Crisis over North Korea
Recurring problem
Faulty grading system



Crisis over North Korea


THE crisis over North Korea worsened on Friday when Pyongyang announced that it was withdrawing from the Nuclear Non-Proliferation Treaty (NPT). The new development follows a series of steps set in motion since recent revelations that North Korea had an active nuclear programme. This led the US to stop fuel supplies assured under an agreement reached in 1994 according to which North Korea had agreed to freeze its small nuclear plant. Subsequently, it asked UN atomic energy inspectors to leave the country and said it was desealing its nuclear plant. The Bush administration has been handling the stand-off with Pyongyang in a manner quite different from its frenzied approach to Baghdad, and has described North Korea’s withdrawal from the NPT as not quite unexpected. Talks to defuse the new tensions are also being held between North Korea’s UN envoy and Ambassador Bill Richardson, one of the main trouble-shooters of the Clinton administration with experience of dealing with the North Koreans.

The United States Senate has still not ratified the NPT. Many other nations, including India and Pakistan, have also refused to sign it. Very few countries, therefore, are in a position to criticize the North Koreans. In fact, apart from its other ramifications, Pyongyang’s action may help focus attention again on the fundamental fact that a non-nuclear international order cannot be effective unless the major nuclear powers commit themselves to non-proliferation. So far, the campaign against proliferation of weapons of mass destruction has been selective and has been led by powers that possess the world’s most awesome atomic arsenals. They want to retain their own WMDs and even develop more fearful versions while they want to deny others the right to do so. The moral argument is thus immediately lost and the language of power takes over. That has been the problem with the NPT, and so, it seems, it will remain. Nuclear weapons are evil and should be given up by every country. That is the only principled position to hold if the threat of a nuclear holocaust is to be exorcized.

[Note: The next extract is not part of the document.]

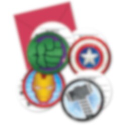 6 ronde uitnodigingskaartjes met vier verschillende ontwerpen van de Avengers. De kaartjes zijn ongeveer 12 cm in doorsnee en alle tekst is in het Engels. Het pakket bevat ook 6 stuks rode enveloppen.
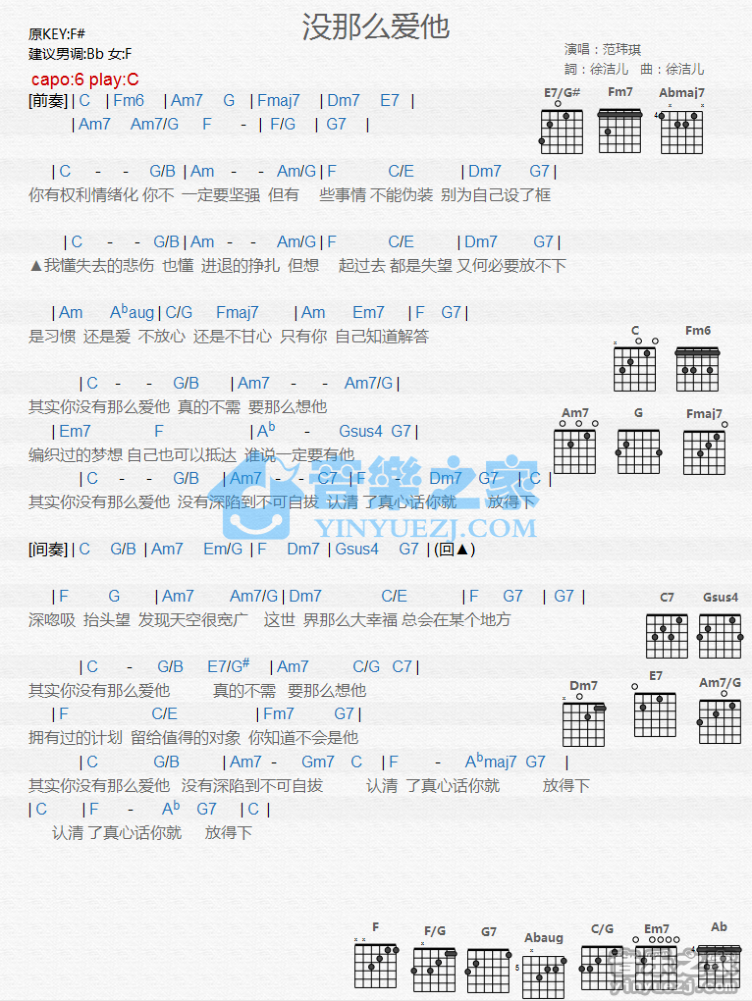 曲谱介绍: C调版 范玮琪《没那么爱他》吉他和弦弹唱谱

But the North Korean attitude deserves a fuller explanation than that it is acting out of pique at the stoppage of its fuel supplies. At a time when it has daunting economic problems to tackle, a confrontationist posture seems unnecessary and wasteful. It jeopardizes the efforts of South Korea and China to bring the isolated Pyongyang regime into the international mainstream. Perhaps the trouble is more deep-seated, and stems from the hostility that has been displayed by the Bush people towards North Korea since the day they came into office. The Clinton administration’s attempts at reconciliation were set aside, and North Korea was included in the “axis of evil” along with Iran and Iraq, perhaps to dilute the impression that Muslim nations alone were being reviled. Perhaps there was aversion also to the long-term prospect of a reunified Korea. Pyongyang has now hit back by putting America in the embarrassingly odd position of going full throttle against Iraq, which denies any intention to acquire nuclear or other weapons of mass destruction, and following a diplomatic approach to North Korea, which proclaims it is activating its nuclear programme. Nevertheless, the crisis does no one any good, and it should be hoped that the quiet negotiating work being carried out with North Korea would also force America to follow a similar course with regard to Iraq.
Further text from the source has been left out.